Plug it into a calculator: We won’t cover everything in one blogpost. Luckily other people did. Try this one as a good comprehensive one or these ones for country-specific calculations.
Understand sensitivities: Calculators give a false sense of certainty. Play with the assumptions and see how it changes. Which factors have the largest implications? As you’ll probably see, home appreciation is a very large factor. Because leverage.

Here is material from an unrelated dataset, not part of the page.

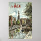 Poster Vintage 1956 Fly BEA Amsterdam UK Viagem
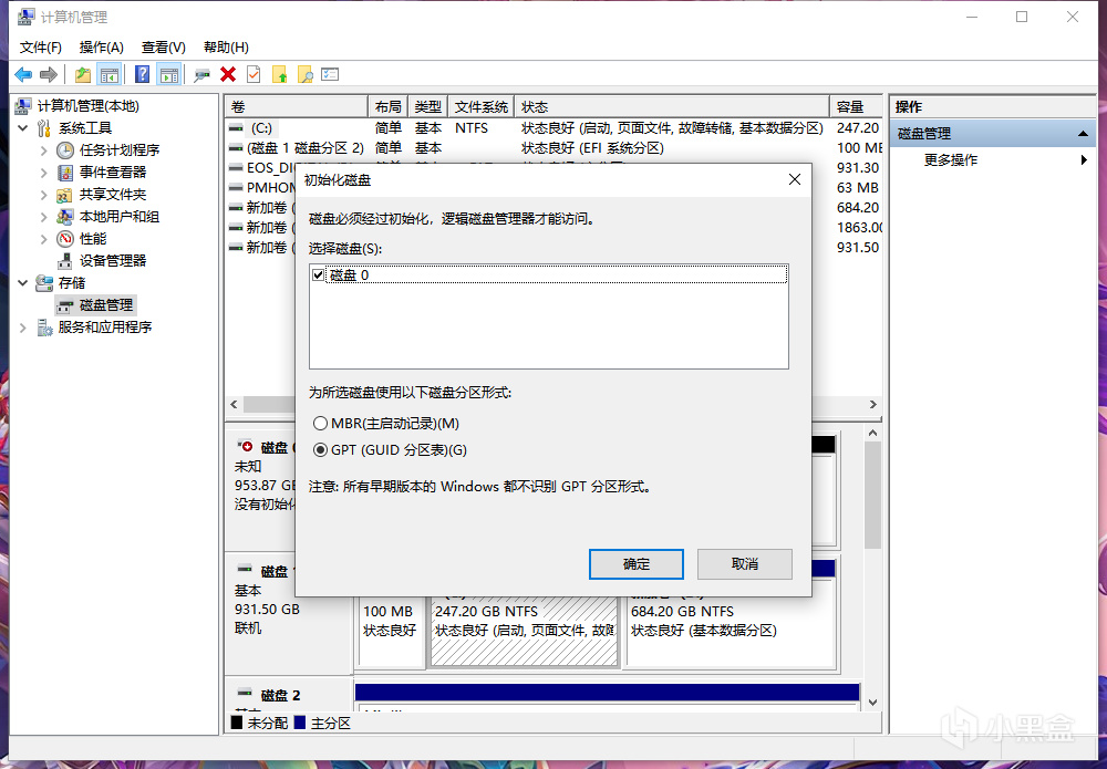 第一次安装新的固态硬盘时,需要给固态硬盘初始化才能使用。右键“我的电脑”,点击“管理”。然后点击“磁盘管理”,这里会提示初始化磁盘,点击“确定”,就可以看到未分配的磁盘。右键新盘,初始化和分配内存容量,一直往下走不用点别的选项就可以完成磁盘的初始化了。1TB的存储容量,最后换算过来的存储容量为是953GB,主要原因是硬盘厂商采用十进制计算(1TB=1000GB),而操作系统(如Windows)采用二进制计算(1TB=1024GB),两者换算标准不同导致显示差异。

When using the calculators, it’s important to check if they use local inventive schemes. In the UK, one option is the Lifetime ISA, where the government adds a 25% bonus to your savings, up to £1,000 per year, which can be used towards your first home or later life. It’s easy to miss, but it could save you a significant amount of money.
Cameron
The leverage lens
Buying a house is this weird exception where most people can get loans vastly larger than they would otherwise have access to. This means you take a large financial bet that probably has larger implications than any other factor in the calculations.
Create scenarios: Which factors would lead to your house price to grow beyond today? Migration? Local regulation? A conflict? Change in desirability of your location? More or fewer houses being built? Demographic change?
Diversify: The best hedge to the downside is diversification. Do you have enough capital or income to diversify away from “just” your house? This lowers the implications of your bet going sideways. If not, it’s probably not worth it.
Mortgagemaxx: Instead of optimizing for the highest absolute mortgage and being undiversified, try optimizing for high loan-to-value (LTV) ratio. Get high leverage for little input, and use your remaining capital to diversify.
The lifestyle lens
This might be a lazy way out but ask yourself: In your price segment, do you value the idea of homeownership more or less than the average person? If less and you can assume a somewhat efficient market, it’s probably not worth it for you. What determines that preference?
Loss aversion: The happiness you gain from increasing your net worth by 50% is much smaller than the pain of losing that same amount.
Move: How likely are you to move in the next 1-5 years? For a job? For love? For family? For children? The one-off transaction costs (both in money and in your time) are often not worth it if this is a serious possibility.
Emotions: What comes up with this topic? Anxiety for financial commitment? FOMO when all of your friends get high returns on their house? Being aware of the driving factor can help you assess the situation more calmly.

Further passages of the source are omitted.